Elles cadrent le travail des vignerons, s’assurent du bon déroulement des vendanges, font de la magie en cuverie et sont les égéries savantes des maisons qu’elles représentent. À Chablis pour Lucie, à Mercurey pour Anne-Laure, ce sont elles les vinicultrices !
Au sein du groupe Boisset, on les appelle « vinicultrices », un néologisme de bon aloi (aurait dit jadis un certain Maître Capello) qui marie l’art du vin, le travail du terroir et la connaissance. La culture qui ouvre le champ de la culture en un seul mot, il fallait y penser. Deux d’entre elles ont bien voulu parler d’une large mission qui va des vignes à la mise en bouteille, voire plus si affinités. Lucie, chez Moreau et fils à Chablis, Anne-Laure, chez Antonin Rodet à Mercurey n’ont pas pour autant la même vision de leur métier.
PRÉCISE LUCIE
Commençons par le nord de la Bourgogne, à Chablis. Lucie Depuydt à la responsabilité de 150 000 hectolitres de production, pratiquement rien en propriété. À 32 ans, cette jeune maman gère et accompagne le cahier des charges d’une vingtaine de vignerons. « Ce fut d’autant plus difficile au début que nous sommes dans une région agricole devenue viticole. Être une femme a imposé un grand sens de la diplomatie, c’en est devenu une force », résume la vinicultrice de la maison Moreau et fils. Son travail repose sur des bases scientifiques qui ont commencé un peu par hasard avec un DUT en biologie spécialité agronomie, puis un stage dans une région viticole espagnole qui lui a donné l’envie d’aller chercher un diplôme d’oenologie à Dijon. Dans le cadre de son ère « vigne et terroirs » et au profit d’un passage par la chambre d’agriculture de l’Yonne, elle réalisera une esquisse pédologique du vignoble de Chablis, tout en s’intéressant de près aux contraintes liées à la bonne gestion des produits phytosanitaires. Lucie est ainsi devenue une spécialiste du kimméridgien, ce sol qui colle à la peau du chardonnay dans le Chablisien.

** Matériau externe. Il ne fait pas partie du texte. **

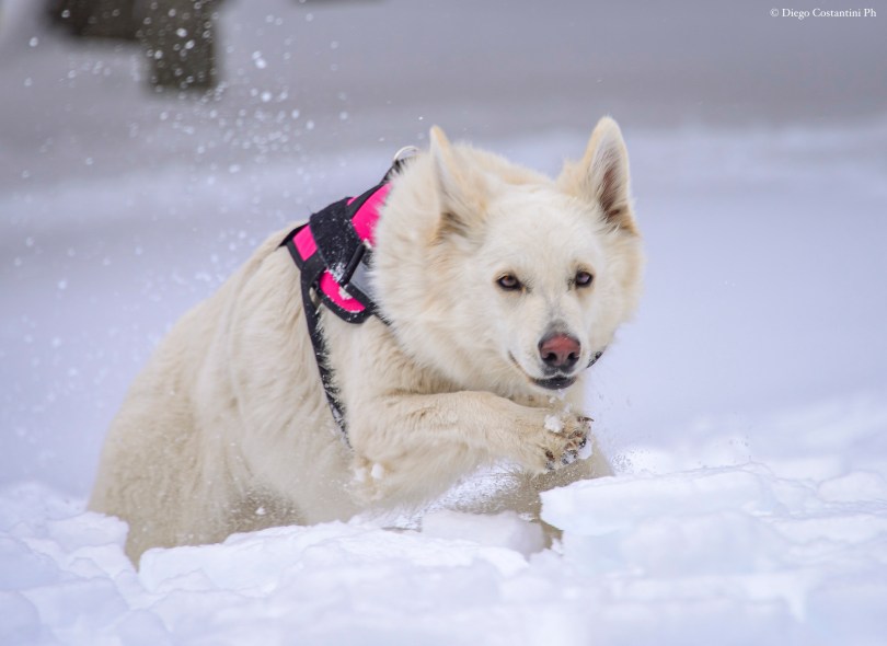 . Las integrantes del staff canino de Bosque de los Huskies, Berna y Arauu, hembras de 17 meses, Pastor Blanco Suizo.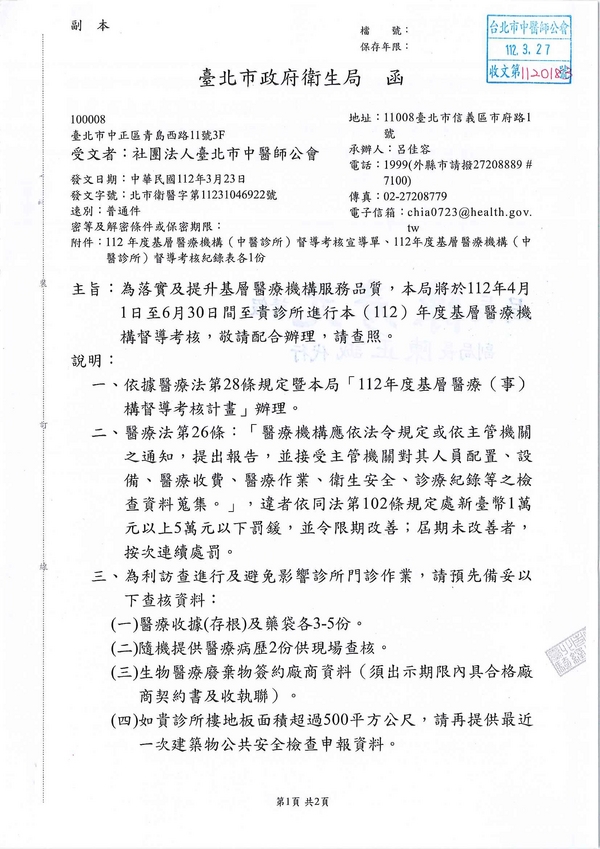 | 台北市中醫師公會 官網:http://www.tpcma.org.tw 地址:台北市中正區青島西路11號3樓 E-mail:tp.cma@msa.hinet.net 電話:(02)2314-3456(代表號) 傳真:(02)2314-8181 |

En 2007, le groupe Boisset lui confie le destin de Moreau et fils. « Je dois superviser la totalité du cycle de production, de la taille des vignes à l’élevage des vins en passant par les vendanges » résume-t-elle à propos d’une mission qui, selon elle, vise un seul objectif : « faire des vins dans un style chablisien non galvaudé, bons à boire dans leur jeunesse et prêts à vieillir. » Scientifique de formation, elle n’oublie jamais de chercher le juste milieu compris entre la technique et le naturel, à Chablis encore plus qu’ailleurs. Un Vaudésir ne vaut désir que s’il est bien préparé, avec la rigueur qui sied à tout produit transformé. Ainsi soit-il, ainsi soit Lucie…
INTUITIVE ANNE-LAURE
Anne-Laure Hernette, quant à elle, se dit plutôt intuitive dans son rôle. Avant de prendre en main les 42 hectares vendangés par Antonin Rodet à Mercurey, il est vrai que la jeune femme a baroudé par monts et par vignes. Très vite, elle s’aperçut ainsi que l’archéologie à laquelle elle se destinait lui laisserait moins d’avenir que le vin. Un BTS culture et oenologie en alternance, chez François Lumpp à Givry, acheva de la convaincre. S’ensuivront deux vendanges (2007) en Australie et Nouvelle-Zélande, puis six mois en Argentine, où elle se retrouve confrontée à d’autres réalités : « Là-bas, où je jouais avec les cépages, on ne transige pas avec une petite Française qui travaille dans le vin, on lui donne directement des responsabilités ! » De retour en France, un court passage par la cave de Tain-l’Hermitage puis un bail de quatre ans entre vigne et cave dans le Lubéron la conforteront dans son désir de revenir à son terroir de prédilection, la Côte chalonnaise. « J’y suis profondément attachée, depuis le souvenir des premières vendanges vécues au Clos Salomon. » D’autant que les appellations mercurey et rully ont pris de la hauteur, en toute lucidité : « Nos vins ne sont plus les petits vins auxquels on les résumait autrefois, nous sommes l’avenir de la Bourgogne et je suis bien dans mes bottes aux côtés de vignerons qui font désormais de la notoriété tout en restant au contact de leurs vignes, ce qui n’est pas partout le cas. » Tout sauf protocolaire, la vinicultrice s’inquiète déjà du moral de ses troupes, elle a « besoin de savoir comme l’équipe va bien ». Ici, les sols sont totalement différents de ceux du Chablisien, ils conviennent à son tempérament voyageur. Ainsi soient-ils, ainsi soit Anne-Laure.